After GNOBE and UE thus establish a beam pair for the working link, GNOBE can accelerate the beam discovery of UE by providing CSI-RS bursts containing beams throughout the sector.
For communication above 6GHz, hybrid beamforming is considered to overcome the high path loss between transmitter and receiver. In such a system, both Node gNB and UE can use multiple beams for control/data communication. The same or different beams can be used for control channel and corresponding data channel transmission.
User movement, angular rotation and blocking will lead to signal attenuation of data or control beam. Beam management monitors and switches beams to ensure reliable transmission and reception between gNB and UE. However, in some cases, if enough windows are not provided to switch beams, the signal quality may drop rapidly, resulting in beam misalignment. In this case, the control channel performance on UL or DL may be affected, which may eventually lead to wireless link failure and connection re-establishment. These processes cause additional delays that affect data throughput.
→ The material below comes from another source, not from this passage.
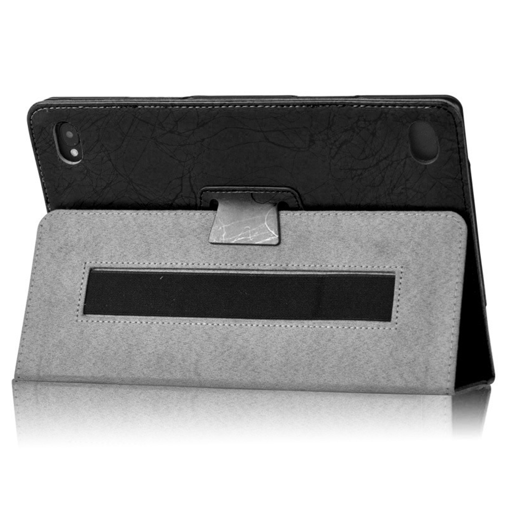 Изготовлен из экокожи приятной на ощупь, которую можно вытирать влажной салфеткой. Внутренняя сторона из силикона, которая не царапает экран планшета. Чехол-книжка крепко держится в руке и не ускользает, поэтому хорошо обеспечивает защиту планшета от падений и ударов. Его легко надевать и легко снимать.

In order to overcome these problems, when beam misalignment is detected at UE, the beam recovery process is considered. The detection of beam misalignment is very troublesome and needs further study. Through beam recovery, gNB and UE can use alternative beams to reconstruct data and control channels. There are two cases to be considered in beam recovery: UL synchronization and UL asynchrony.
UL synchronization
When gNB and UE synchronize through UL, SR resources are used to perform beam recovery. GNB monitors the scheduling request, and after receiving the beam recovery message, GNB and UE re-establish the data and control channels.
Beam restoration using scheduling request has the following advantages: (1)SR area may contain more resources (cyclic shift); Compared with the contention-based RACH method, the beam recovery speed using SR is faster.
UL out of sync
When gNB and UE are out of synchronization, UE sends random access preamble for contention-based RACH process. After the RACH process is successful, gNB and UE re-establish data and control channels.